В середине мая, перед туром, Эксл встретился в голливудской закусочной с журналисткой Ким Нили. Он заказал чизбургер, картошку-фри и шоколадно-солодовое мороженое. Одетый в обтягивающие шорты, заказные кроссовки с надписью «Эксл» и черный блейзер, он рассуждал на различные темы. Он высказал скептическое отношение к иску Стивена Адлера и его публичным заявлениям, будто товарищи по группе подсадили его на героин. Кроме того, Эксл описал недели своей интенсивной психотерапии. Подкованный в терапевтическом жаргоне, Эксл заявил, что раньше презирал женщин, но теперь испытывает другие чувства:
«У меня были очень запутанные отношения с Эрин, — признал он. — И я вымещал негативные чувства к себе на других. Меня привлекали люди с такими же расстройствами характера, те, с кем я не мог поладить. От этого было плохо и мне, и им. Я презирал близкие отношения и не мог радоваться привязанностям».
Эксл добавил, что теперь ему немного лучше: «Я начал чувствовать себя более комфортно. Мне все еще сложно переносить стресс, но мне объяснили, что причина кроется в раннем детстве. Моя семья давила на корню все попытки позитивного и творческого вымещения стресса… Мне до сих пор приходится сдерживать себя. От этого так просто не избавишься». На вопрос о своих взглядах на секс Эксл ответил, что пережил ужасные и жестокие эпизоды в детстве: «И они негативно на меня повлияли. У меня сформировалась модель поведения, и с тех пор я действовал, руководствуясь ею». В конце интервью Эксл заявил, что хотел бы поучаствовать в организации, выступающей против сексуального насилия над детьми.
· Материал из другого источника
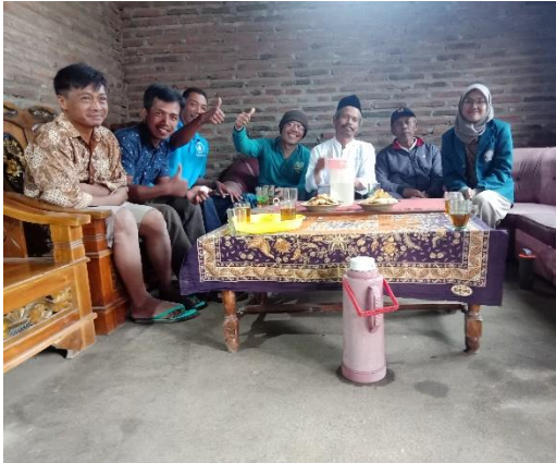
Kelompok Tani Argosariningtani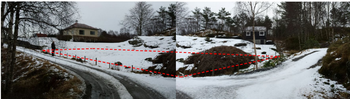
Foto fra vest, ny tomt er vist med rød strek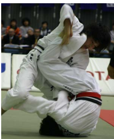
力の差はないだけに、悔しい敗戦だった

国内各階級の頂点を争う講道館杯が11月18-19日にかけて、千葉ポートアリーナ(千葉市)で開催された。本学からは18人が出場し、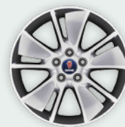
5-spoke 17" (ALU 81) Standaard Aero TX velg (FWD)

Raadpleeg voor de standaarduitrusting en de technische specificaties de Saab 9-3 prijslijst.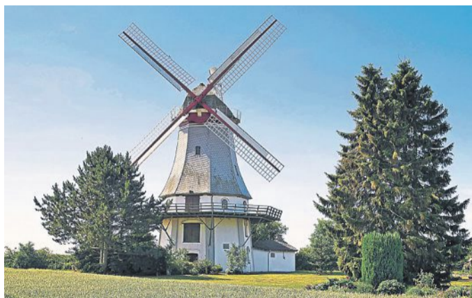
Weithin sichtbar: die Behlmer Mühle in Engeln.

➤ Wassermühle Bruchmühlen, Bruchmühlen 2, Bruchhausen-Vilsen: Die Wassermühle Bruchmühlen gehörte als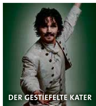
DER GESTIEFELTE KATER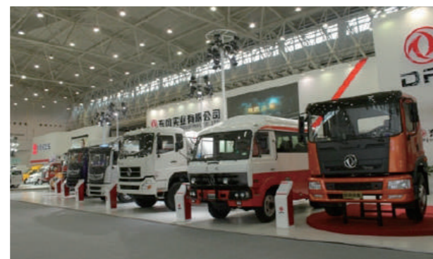
東風商用車有限公司の展示車両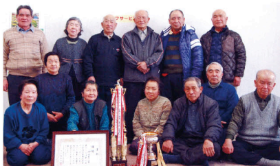
加佐地区ゲートボール仲間の皆さん

今年2月の大雪に始まり、4月の長雨、低温7月の旱魃など、農家の皆さんは大変な苦労をされています。野菜も花卉も、高値安定で推移してほしいと思います。TPP交渉も本格化し、またJA改革の議論などにより、多くの農家や農業関係者が心配するところです。JAを中心に反対運動を展開していますが、私も反対運動に同感です。将来に期待を持てるJA長野八ヶ岳の運営に期待しますが、余りに振込詐欺による被害が多く驚いています。JAから「信州だまされない宣言」のチラシが届きました。最近の手口が多様化しているようです。皆さん十分注意しましょう。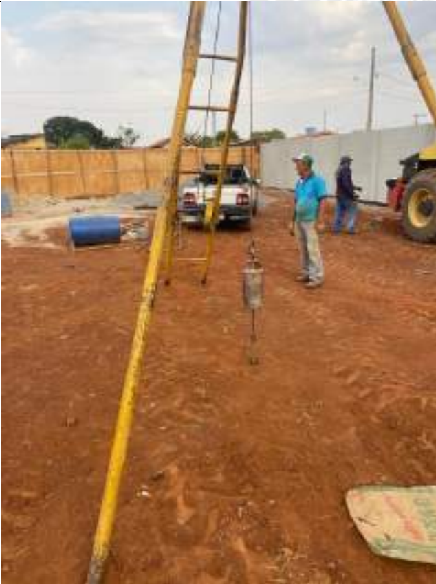
Foto 239 – Execução de furos de sondagem

Первый концерт тура проходил в Элпайн-Вэлли в Висконсине 24 мая. На этом этапе тура группу разогревали неистовые звезды хайр-метала Skid Row, которые отпраздновали начало тура, разгромив гримерку в первый же вечер. Копы, охраняющие зал, хотели арестовать База и его шумную группу, но Даг Голдштейн их отговорил. Skid Row в тот момент напоминали Guns N' Roses четырехлетней давности: наглые хулиганы, которые творят беспредел и попадают в неприятности. Guns в свою очередь теперь считались заслуженными представителями рока. Они летали на концерты в дорогом самолете «MGM Grand» — «Боинге-727», оборудованном, словно летающий бордель мафии, двумя спальнями, баром и залом. Пролетая над Америкой, музыканты потягивали шампанское и угощались канапе. (Все, кроме Иззи Стрэдлина, который путешествовал в собственном роскошном автобусе, наслаждаясь уединением, своей красивой женой Анникой и с трудом достигнутой трезвостью, а также разнообразными игрушками — мотоциклами «Харлей», велосипедами, скейтбордами, моделями самолетов, — которые он возил с собой. Эксл называл Иззи «Мистер Неведимка». Никто не знал, чем Иззи занимается в свободное время. У его немецкой овчарки по кличке Тридер был свой бедж для прохода за сцену.) Так что в итоге для многих юных фанатов Guns именно Skid Row представляли тот дух настоящей уличной анархии, за которую они платили.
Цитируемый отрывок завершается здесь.